Cleaning up the source data as much as possible in the early stages will save you problems in the future, this is true for any data analysis. The best approach is to clean up and eliminate errors from your data before you import into Power BI. This will minimise the amount of actions that Power BI takes and speeds up the loading process. This cleaning process may take several iterations as you work with Power BI and the data and uncover more inaccuracies.

Power BI does ignore blank and error values when it comes to analysis and visualisation but this may not always be the best approach.

Cancel the last two steps in the Applied steps by clicking on the red crossmark right next to Removed Errors and Replaced Value.

2.3 ‘Applied steps’ in modelling data

2.3.1 Renaming columns

Columns from raw data can be difficult to read or meaningless. Renaming the columns in your query to a meaningful name will make it easier for you and your audience to understand your data. This will often save you trouble in the future when it comes to working and presenting the data.

There are two ways to rename the columns in Power BI. Right-clicking on the header of the column gives you a menu of functions that you can do to the column. Select Rename to rename the column. You can also click on the column and then click on the Transform tab, from here you are presented a variety of transformation functions for the column. From here you can click on Rename.

  • Right-click on the name column header, click on Rename and rename the column to Country.
  • Click on the header for life_exp. Click on the Transform tab and click rename. Rename the column to Life expectancy.

2.3.2 Adding and removing columns

2.3.2.1 Removing columns

Often when dealing with raw data you will find columns that are meaningless or unsuitable for your analysis. You can remove these columns in Query to eliminate clutter and streamline the data set making it easier to work with.

There are two ways to remove columns in Power BI. As in renaming a column, you can right-click the header, which will present a menu with the option to Remove. You can also click on the column, click on the Home tab and then click Remove Columns.

We will not be using the g77 information.

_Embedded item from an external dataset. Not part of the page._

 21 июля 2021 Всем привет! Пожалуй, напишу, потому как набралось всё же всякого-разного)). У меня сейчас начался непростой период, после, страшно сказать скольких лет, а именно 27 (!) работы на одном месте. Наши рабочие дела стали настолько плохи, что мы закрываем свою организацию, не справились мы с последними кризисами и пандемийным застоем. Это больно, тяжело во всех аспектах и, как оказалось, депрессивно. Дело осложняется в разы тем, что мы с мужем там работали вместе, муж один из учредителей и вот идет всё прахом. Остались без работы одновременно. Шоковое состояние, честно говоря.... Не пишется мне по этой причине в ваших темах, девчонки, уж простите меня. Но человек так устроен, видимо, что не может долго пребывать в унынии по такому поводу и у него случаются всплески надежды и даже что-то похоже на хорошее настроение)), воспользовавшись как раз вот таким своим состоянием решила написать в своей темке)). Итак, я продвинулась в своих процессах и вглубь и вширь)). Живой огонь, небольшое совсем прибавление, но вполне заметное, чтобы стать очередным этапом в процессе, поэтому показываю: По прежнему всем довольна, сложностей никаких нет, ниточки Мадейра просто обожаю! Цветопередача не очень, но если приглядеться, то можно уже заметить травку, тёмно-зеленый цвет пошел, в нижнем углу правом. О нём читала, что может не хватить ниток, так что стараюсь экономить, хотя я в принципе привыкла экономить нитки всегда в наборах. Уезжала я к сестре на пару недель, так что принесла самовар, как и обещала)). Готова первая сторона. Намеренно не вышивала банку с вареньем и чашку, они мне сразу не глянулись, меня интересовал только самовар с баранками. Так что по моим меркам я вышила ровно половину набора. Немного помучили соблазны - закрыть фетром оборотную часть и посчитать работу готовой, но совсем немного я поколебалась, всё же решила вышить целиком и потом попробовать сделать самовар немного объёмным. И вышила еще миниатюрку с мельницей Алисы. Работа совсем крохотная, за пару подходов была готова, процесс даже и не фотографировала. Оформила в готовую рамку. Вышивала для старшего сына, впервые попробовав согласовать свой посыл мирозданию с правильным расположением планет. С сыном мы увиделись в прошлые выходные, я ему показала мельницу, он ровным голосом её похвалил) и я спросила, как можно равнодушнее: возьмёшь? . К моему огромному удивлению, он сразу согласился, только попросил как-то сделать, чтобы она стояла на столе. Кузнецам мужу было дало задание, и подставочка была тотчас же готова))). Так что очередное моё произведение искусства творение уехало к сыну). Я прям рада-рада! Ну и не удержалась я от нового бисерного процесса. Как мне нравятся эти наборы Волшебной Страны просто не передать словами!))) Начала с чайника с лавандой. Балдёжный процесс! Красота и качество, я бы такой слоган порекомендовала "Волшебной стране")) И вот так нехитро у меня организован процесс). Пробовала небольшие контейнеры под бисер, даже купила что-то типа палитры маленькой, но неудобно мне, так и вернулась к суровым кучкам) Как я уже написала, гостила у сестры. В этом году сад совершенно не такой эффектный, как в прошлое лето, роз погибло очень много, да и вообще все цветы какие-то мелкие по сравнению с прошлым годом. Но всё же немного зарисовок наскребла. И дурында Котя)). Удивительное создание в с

  • Right-click on the g77 column header, click on Remove

2.3.2.2 Adding columns

Just as you would remove unsuitable data from your queries, you may need to add new columns to your data. There are a variety of options in Power BI to add different columns. Click on the Add Column tab to see the ways you can add a column.

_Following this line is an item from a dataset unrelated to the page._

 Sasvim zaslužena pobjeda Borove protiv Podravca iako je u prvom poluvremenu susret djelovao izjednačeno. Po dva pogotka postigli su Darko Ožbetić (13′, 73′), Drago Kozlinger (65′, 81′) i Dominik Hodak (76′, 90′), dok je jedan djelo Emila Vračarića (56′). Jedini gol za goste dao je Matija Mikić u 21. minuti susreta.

  • Click on gdp_percap, click on the Add Column tab, click duplicate to create a separate column to run calculations on.

Challenge 2: Add

Perform a simple mathematical operation and add this as a new column. Let’s say you want to calculate Total Gross Domestic Products (GDP) per country. As Total GDP = Population x GDP per capita, using the new gdp_percap column you created in the previous example, use Custom Column to create a new column with Total GDP per country.

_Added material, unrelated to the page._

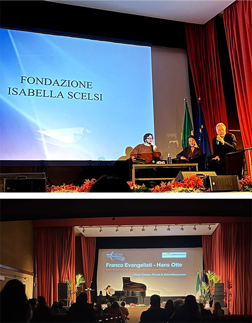 La sera di mercoledì 4 febbraio, il pubblico dell’Istituto Italiano di Cultura di Bruxelles ha vissuto un’esperienza intensa, meditativa e profondamente coinvolgente con l’evento Dal silenzio a un nuovo mondo sonoro, capace di coniugare rigore scientifico e suggestione sensoriale. Articolata tra conferenza, proiezione di un docufilm e performance dal vivo, la serata ha esplorato le figure umane e artistiche dietro le pagine musicali di due protagonisti emblematici del Novecento, Franco Evangelisti (1926–1980) e Hans Otte (1926–2007), nel centenario delle rispettive nascite. La conferenza ha offerto un quadro storico e analitico di ampio respiro, mettendo in luce l’importanza della ricerca sul suono, sul silenzio e sull’ascolto, intesi non solo come elementi compositivi ma come vere e proprie categorie estetiche e filosofiche. La prima parte della serata ha visto gli interventi di Gianni Trovalusci, Presidente della Fondazione Isabella Scelsi, Irmela Heimbächer Evangelisti, Presidente della Fondazione dal 2014 al 2024, e Tommaso Vigna, dottorando in musicologia (ULB-FNRS). Attraverso approcci storici, analitici e testimonianze dirette, gli interventi hanno delineato il contesto estetico e culturale in cui si collocano le opere di Evangelisti e Otte, evidenziandone affinità e divergenze, nonché la centralità dell’ascolto come pratica attiva. Come riferito da Irmela Heimbächer Evangelisti, i due compositori erano legati da una profonda amicizia, emersa anche dalla recente scoperta di una corposa corrispondenza conservata nell’archivio della Fondazione Isabella Scelsi. È seguita la proiezione del docufilm È dopo. Appunti su Franco Evangelisti (1926–1980) di Leonardo Zaccone e Alessandro Pezza. Il film ha arricchito ulteriormente la riflessione, restituendo la visione dell’avanguardia di Evangelisti come spazio di sperimentazione tra proiezioni sonore, strutture aperte e relazioni dinamiche tra forma e materia del suono. Infine, il concerto della pianista e ricercatrice Giusy Caruso ha proposto musiche di Evangelisti (Proiezioni Sonore, 1955–1956) e Otte (Das Buch der Klänge, 1984). A proposito del primo brano, come racconta la pianista, «Proiezioni Sonore ha un linguaggio particolarmente contemporaneo, fatto di esplosioni di suono e di un approccio fortemente corporeo e percussivo sullo strumento, che lascia spazio alle risonanze armoniche e al silenzio, creando così un nuovo mondo sonoro». La seconda parte del concerto ha proposto un percorso musicale capace di attraversare la soglia tra silenzio e suono, culminando nell’esecuzione dal vivo di Das Buch der Klänge di Otte. Questo ciclo per pianoforte rappresenta uno dei vertici del pensiero musicale del compositore tedesco: una scrittura di apparente semplicità formale che si apre a un dialogo profondo tra tradizione europea, minimalismo e influssi di spiritualità orientale, con un’attenzione radicale alla densità timbrica e al tempo dilatato. Nel contesto del concerto, l’esecuzione delle pagine di Otte ha rivelato dimensioni della sua musica difficilmente percepibili sulla pagina scritta ma fortemente tangibili nell’esperienza d’ascolto. Il reiterarsi dei timbri pianistici – figure lente o rapide, quasi statiche nel loro ripetersi e nel loro espandersi – ha trasformato lo spazio della sala in un campo di vibrazioni avvolgenti. Queste ripetizioni, più che semplici ostinati, si sono gradualmente fatte corpo sonoro, una presenza fisica che coinvolge l’ascoltatore non solo a livello uditivo ma anche corporeo e respiratorio. La musica ha così oltrepassato la dimensione puramente razionale per diventare percezione cinestetica: un flusso continuo capace di generare sospensione, immersione e una partecipazione quasi ipnotica. La continuità tra il silenzio come spazio vuoto e il suono denso e rallentato ha offerto una testimonianza particolarmente eloquente del mondo sonoro di Otte, in cui la musica si manifesta come tessuto di relazioni temporali e sensoriali piuttosto che come successione lineare di eventi. In conclusione, Dal silenzio a un nuovo mondo sonoro ha rappresentato un momento di grande densità culturale e riflessiva: non solo un omaggio ai cento anni dalla nascita di Evangelisti e Otte, ma anche un invito a ripensare l’ascolto come pratica attiva, meditativa e profondamente somatica. di Salvatore Sclafani ![]() |

2.3.4 Refreshing data ready for analysis

Always refresh your data when you are ready to do your analysis and visualisation. Clicking the Refresh option will refresh the data and rerun all your queries. This will show any issues or errors with your data or your queries and ensure that all the data is up to date and ready for analysis.

Once all the required changes are done, select Close & Apply going back to the main Power BI Desktop interface.